Description Roman Mamedov 2019-05-01 22:00:54 UTC
Created attachment 282579 [details]
dmesg of the errors occuring

I have a Samsung SSD 860 EVO mSATA 500GB SSD connected via an ASMedia ASM1062 Serial ATA Controller. It causes has 20-30 seconds lockups on fstrim (which runs during bootup on my system), with messages such as:

[  332.792044] ata14.00: exception Emask 0x0 SAct 0x3fffe SErr 0x0 action 0x6 frozen
[  332.798271] ata14.00: failed command: SEND FPDMA QUEUED
[  332.804499] ata14.00: cmd 64/01:08:00:00:00/00:00:00:00:00/a0 tag 1 ncq dma 512 out
                        res 40/00:00:00:00:00/00:00:00:00:00/00 Emask 0x4 (timeout)
[  332.817145] ata14.00: status: { DRDY }

After disabling queued TRIM via the included patch, the issue disappears.
Comment 1 Roman Mamedov 2019-05-01 22:01:44 UTC
Created attachment 282581 [details]
disable queued TRIM for Samsung 860 series SSDs
Comment 2 Solomon Peachy 2019-07-13 12:29:27 UTC
This patch is still relevant for master.  Add my vote to merging this; I'd like to be able to re-enable NCQ on this SSD.
Comment 3 Jens Axboe 2019-07-14 16:57:43 UTC
This patch looks good - any chance you can email one with a proper commit log and signed-off-by etc to linux-ide@vger.kernel.org? And you can CC me, axboe@kernel.dk, and I'll get it queued up for the current kernel.
Comment 4 Roman Mamedov 2019-07-15 17:41:33 UTC
Jens, thanks, sent to https://marc.info/?l=linux-ide&m=156312691006716&w=2, it is now being discussed there.

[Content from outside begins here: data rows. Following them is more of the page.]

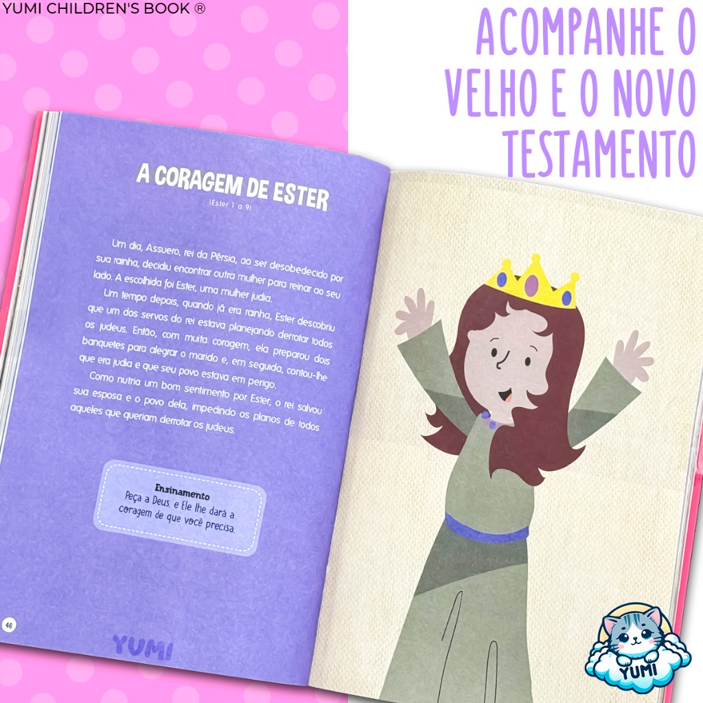 Livro Infantil Bíblia para Meninas Bíblia Rosa Infantil + De 50 Histórias Da Bíblia Com Lindos Ensinamentos
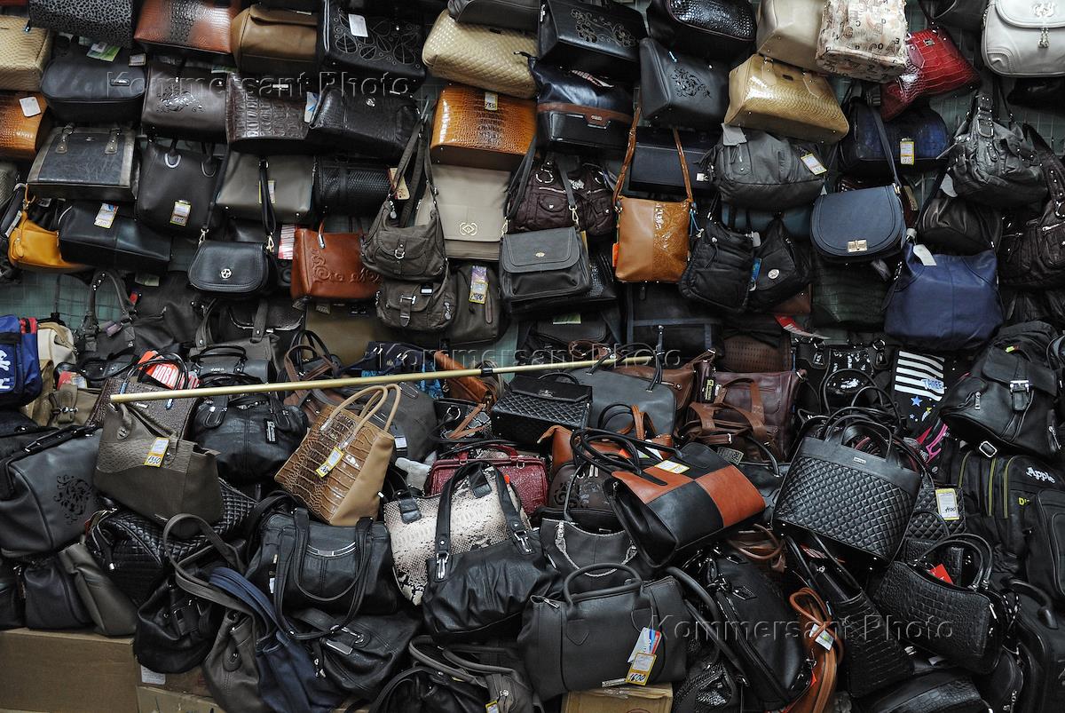 Жанровая фотография. Торговый ряд по продаже сумок на рынке в Боровичах.
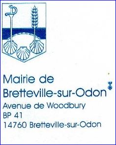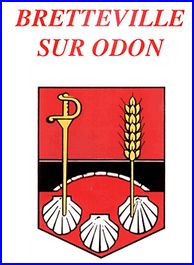 (1978) De gueules au pont de sable, l'arche empierrée d'argent, soutenu de trois coquilles d'argent, 2 et 1, à l'épée basse de bretteur d'or brochant à dextre et à l'épi de blé tigé du même brochant à senestre.

Solomon: what model do you have that also has a problem with TRIM, 860 EVO mSATA too? And which firmware revision?
Comment 5 Solomon Peachy 2019-07-15 17:54:25 UTC
I have the 1TB SATA (not mSATA!) version.

smartctl -a dump:

Model Family:     Samsung based SSDs
Device Model:     Samsung SSD 860 EVO 1TB
Serial Number:    S3Z8NB0K717690X
LU WWN Device Id: 5 002538 e4054049c
Firmware Version: RVT01B6Q
User Capacity:    1,000,204,886,016 bytes [1.00 TB]
Sector Size:      512 bytes logical/physical
Rotation Rate:    Solid State Device
Form Factor:      2.5 inches
Device is:        In smartctl database [for details use: -P show]
ATA Version is:   ACS-4 T13/BSR INCITS 529 revision 5
SATA Version is:  SATA 3.1, 6.0 Gb/s (current: 6.0 Gb/s)
Local Time is:    Mon Jul 15 13:47:44 2019 EDT
SMART support is: Available - device has SMART capability.
SMART support is: Enabled

kernel log snippet: (Untainted Fedora 5.1.16-300.fc30.x86_64 kernel)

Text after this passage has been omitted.